Türkiye işçi sınıfının kendi gücünü ortaya koyduğu, politik süreçlere önderlik edebileceğini gösterdiği gün açısından önemli bir yeri olan 15-16 Haziran’ın üzerinden 37 yıl geçti ancak 15-16 Haziran hala işçilere ve emekçilere yol göstermeye devam ediyor. İşçilerin ve emekçilerin kendilerine yönelen saldırılar karşısında birleştiklerinde burjuvaziye nasıl geri adım attırdıklarının da en güzel örneklerindendir 15- 16 Haziran genel grevi.
15-16 Haziran 1970 ne bir günde oluştu ne de işçilerin kendiliğinden bir hareketiydi,15-16 haziran işçilerin örgütlü gücü DİSK’in kapatılmasına karşı verdiği ve gün be gün örülmüş bir direnişin de adıdır. Dönemin hükümetinin işçilerin diledikleri sendikaya üye olmasını engelleyen ve sendikal barajı yükselten yasa önerisi karşısında DİSK başkanı Kemal Türkler, işçilerin bu yasaya izin vermeyeceğini, bu yasanın açık hedefinin işçilerin örgütü DİSK’i etkisizleştirmek olacağını söyleyerek işçilerin bu yasaya karşı alacağı tavrı da belirtmiş oluyordu.

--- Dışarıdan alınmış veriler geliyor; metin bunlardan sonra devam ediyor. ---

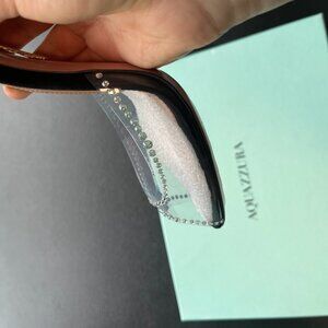 NWT Aquazzura Ray Of Light Sandals Plexi Crystal Peep Toe 105 Black Suede/PVC

İstanbul’da üç koldan yürüyüşe geçen işçiler her fabrika önünde güçlerini ve örgütlülüklerini yükselterek yürüdüler İzmit ve Gebze tarafından Kadıköy’e, Levent tarafından Mecidiyeköy ve Taksim’e diğer yanda ise Topkapı’ya ulaşan işçiler hükümetin kendilerine karşı çıkardığı yasanın geri çekilmesini istediklerini, DİSK’in kapatılamayacağını haykırdılar. Kadıköy tarafında işçilerin üzerine açılan ateş sonucunda üç işçi öldürüldü. Sonuç olarak direniş karşısında çaresizleşen burjuvazi geri adım atmak zorunda kaldı, yasa geri çekildi.

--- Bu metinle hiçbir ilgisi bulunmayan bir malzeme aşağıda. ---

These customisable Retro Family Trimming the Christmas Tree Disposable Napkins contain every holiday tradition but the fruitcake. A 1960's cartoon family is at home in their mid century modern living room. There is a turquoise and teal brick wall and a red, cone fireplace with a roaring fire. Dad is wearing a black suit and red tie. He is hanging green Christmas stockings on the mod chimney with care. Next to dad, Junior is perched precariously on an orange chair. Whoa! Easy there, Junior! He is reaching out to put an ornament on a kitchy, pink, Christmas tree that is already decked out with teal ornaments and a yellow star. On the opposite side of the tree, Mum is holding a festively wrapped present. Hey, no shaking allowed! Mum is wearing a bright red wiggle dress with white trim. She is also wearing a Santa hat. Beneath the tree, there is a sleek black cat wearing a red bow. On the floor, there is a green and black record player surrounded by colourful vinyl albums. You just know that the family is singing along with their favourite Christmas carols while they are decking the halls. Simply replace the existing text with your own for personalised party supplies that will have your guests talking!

Yeni 15-16 Haziranlar yaratacağız
15-16 Haziran’ın 37. yıl dönümünde Birlik Dayanışma Hareketi de bir basın açıklaması ve panel gerçekleştirdi. 16 Haziran 2007 14.30’da Taksim Tramvay durağında yapılan basın açıklamasında 15-16 Haziranın hala bizlere yol gösterdiğini ve işçilerin örgütlü gücünün tekrar oluşturulması ve yeni 15-16 Haziranlar yaratmanın önemi üzerine konuşuldu. “İş ekmek yoksa barış da yok”, Yaşasın işçilerin birliği halkların kardeşliği” “yolumuz işçi sınıfının yoludur” sloganlarının atıldığı basın açıklaması, saat 16.00’da Ürün Sosyalist Dergi bürosunda yapılacak panel duyurusuyla sonlandırıldı. Yapılan bu basın açıklaması Birlik Dayanışma Hareketinin 1980 sonrasında tek başına yaptığı ilk eylem olması adına da önemliydi.
Ürün sosyalist Dergi bürosunda Yetgül KARAÇELİK başkanlığında gerçekleştirilen panelde 15-16 Haziranı yaşamış Hamit ŞİNDİ o günleri, direnişi nasıl ördüklerini burjuvazinin kendilerine karşı yaptıklarını ve sonuç olarak işçilerin burjuvaziye nasıl geri adım attırdıklarını, günümüzde de bu hareketin tekrar canlandırılması gerektiğini anlatan bir konuşma yaptı. TÜM-İGD temsilcisi Murat NERGİZ ise gençlik açısından 15-16 Haziran’ın önemi ve günümüzde gençliğin yolunun neden işçi sınıfının yolu olması gerektiğini, gençliğin işçi sınıfı hareketinin ayrılmaz bir parçası olduğunu anlattı. Dinleyicilerin de katkı sağladığı panelde o günleri yaşayan ve direnişin içinde olan arkadaşlarımız deneyimlerini aktardı.